Лишь когда ему исполняется одиннадцать, а ей — восемнадцать, он в полной мере осознаёт, какой тяжкий труд — быть его старшей сестрой. Однако она всё равно любит его так сильно, что временами кажется, будто на сердце незаживающий синяк. Но эта любовь всё равно отличается от той, которую он питает к ней. Потому что если называть это синяком, то он сам весь синяк — болит и не заживает никогда.

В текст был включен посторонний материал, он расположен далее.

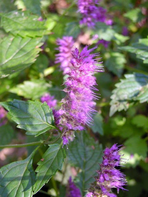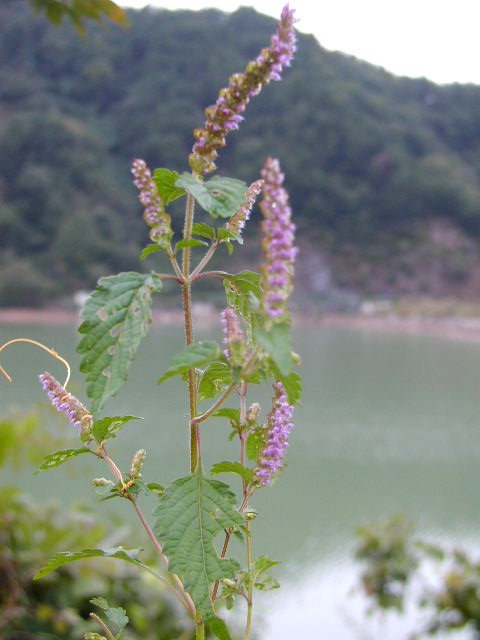 잎은 마주나고 달걀 모양으로 끝이 뾰족하고 가장자리에 둔한 톱니가 있다. 뒷면에 선점(腺點)이 있어 강한 향기를 낸다. 꽃은 9∼10월에 붉은 빛이 강한 자주색 또는 보라색으로 피고 줄기와 가지 끝에 빽빽하게 한쪽으로 치우쳐서 이삭으로 달리며 바로 밑에 잎이 있다.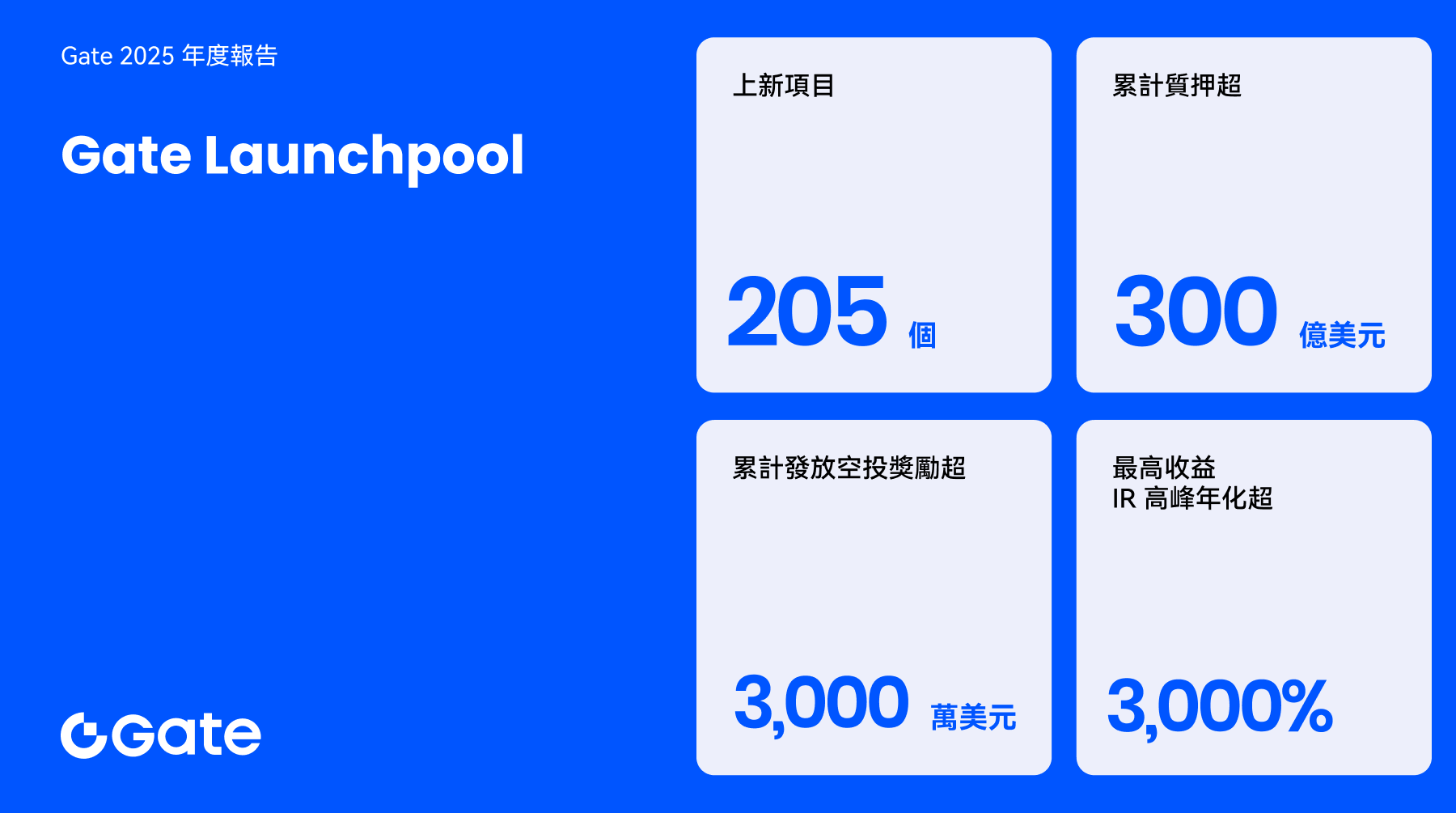 2025 年,Gate Launchpool 持續保持高頻、穩定的專案上線節奏,全年累計上線新專案達 205 個,累計發放空投獎勵超過 3,000 萬美元,為用戶提供多樣化、具備吸引力的收益參與機會。年內 Launchpool 吸引累計參與人次超過 32 萬,平台質押資金規模合計突破 300 億美元,反映用戶對平台專案篩選機制與收益模型的持續認可。

Игорь не курит, ведь у него астма, но когда Светка достаёт сигареты из заначки, он не уходит, а послушно сидит рядом, сжимая во вспотевшей ладони ингалятор. В горле чешется, зудит, но Светка такая красивая, что у Игоря не остаётся выбора. Ей только-только исполнилось девятнадцать, поэтому она светится, а Игорь почти задыхается, но не от сигаретного дыма.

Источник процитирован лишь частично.